Buckley followed the debates with an Esquire piece entitled 'On Experiencing Gore Vidal' which Vidal countered with 'A Distasteful Encounter with William F. Buckley.'  Lawsuits were filed. When Buckley retired and was presented with the infamous video clip, he went silent, his appearance suggesting a heavy regret.  Vidal spent his waning years in his Amalfi Coast cliffside villa, replaying tapes of the debates constantly, not a day passing without mention of his former foe, but instead of regret, Vidal appeared to dance upon the dead man's grave (Buckley died in 2008, Vidal in 2012).
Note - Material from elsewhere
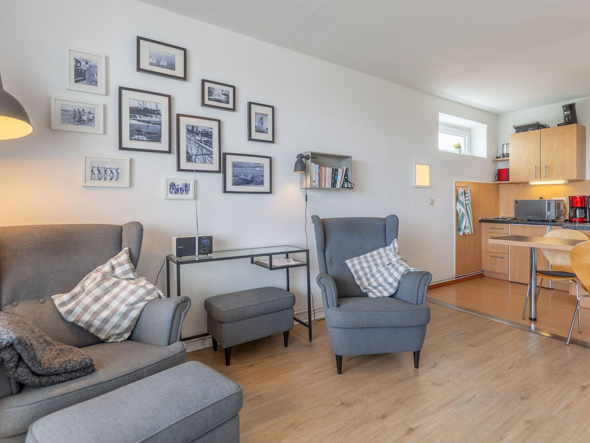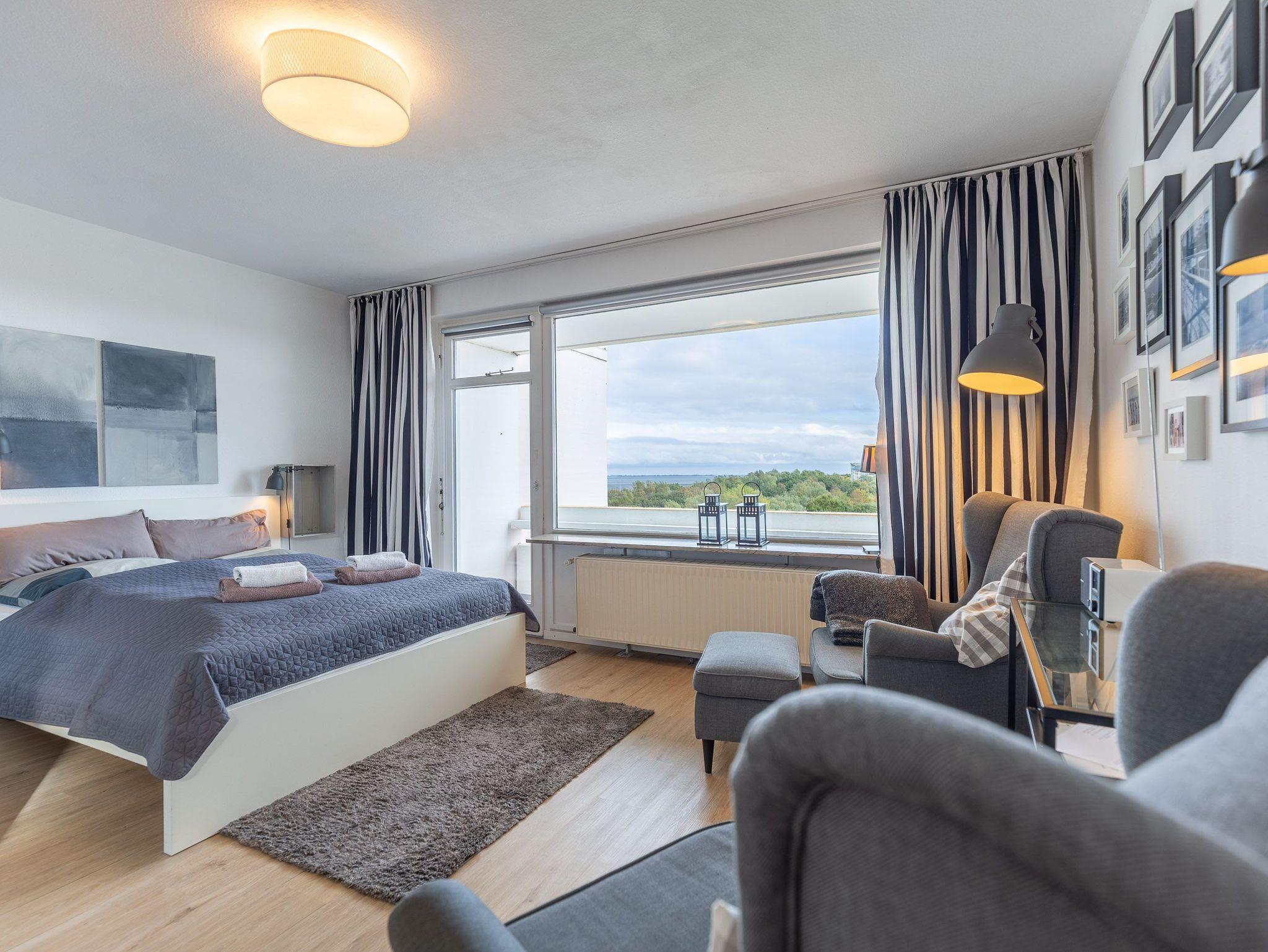 Die 32 m² Ferienwohnung bietet ausreichend Platz für 2 Personen. Der kombinierte Wohn- und Schlafbereich ist mit einem Doppelbett ausgestattet. Die beiden Relaxsessel gewährleisten, dass Sie sich entspannt zurücklehnen können, während Sie den faszinierenden Meerblick oder das Abendprogramm auf dem Flachbildfernseher genießen. Die integrierte Küche ist mit einem 2-Plattenkochfeld, einem Sandwich Toaster sowie einem Kühlschrank mit Gefrierfach ausgestattet. Ferienwohnung 612 verfügt über ein modernes Bad mit Dusche und WC. Während Ihres Urlaubs steht Ihr Auto sicher in der zugehörigen Garage.
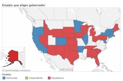 En la actualidad, hay 29 gobernadores republicanos y 21 demócratas, pero el martes solo están en liza 36 estados, 22 en manos de republicanos y catorce de demócratas. En el caso de los republicanos, el 95 por ciento optan a su reelección, mientras que el 80,1 por ciento de los demócratas buscarán un nuevo mandato, según el 'think-tank' Hispanic Council.

"Best of Enemies" isn't a vehicle for the men's political debates as the filmmakers' editing choices lean more heavily on the personal barbs (all of the debates are available in full on Youtube). Instead Gordon and Neville illustrate how Buckley and Vidal, whose like no longer exists, sparked a mode of political contention which erects walls instead of breaking them down.

Grade:  B+

Robin:
I remember, vaguely, back during the Republican and Democratic conventions 1968, watching the debates between ultra-right-winger William F. Buckley and equally ultra-left-winger Gore Vidal. These debates are the showcase for documentary filmmakers, Robert Gordon and Morgan Neville, as they present battle of intellects as the “Best of Enemies.”

47 years is a long time so those memories of the ’68 conventions were very dim. “Best of Enemies” reboots those remembrances, making me realize what a treat to watch the two uber-intellectuals locking horns and drawing blood – not about the Republicans and Democrats, but as flag wavers for their side. CBS television programmers had a stroke of ratings genius when it was decided to pair the two iconic intellects who, it is apparent, hate each other.

The core of “Best of Enemies” is the nine debates between Buckley and Vidal, but the filmmakers delve, also, into the lives of the two from their early formative days. The film is also a history lesson about the birth of CBS News and its long fought for battle to compete against the television news juggernauts of the time – Chet Huntley and David Brinkley on NBC and Walter Cronkite on CBS.

As I said, the center of the film is on the debates and they are an amazing fight between the country’s two leading intellects of the 1960s. Buckley, the self-proclaimed conservative right wing civil libertarian, and Vidal, the author, at the time, of the controversial novel Myra Breckinridge - something that Buckley refers to, disparagingly, many times during the debates. The high point of the debate was…never mind. See “Best of Enemies,” and find out for yourself. I give it a B+.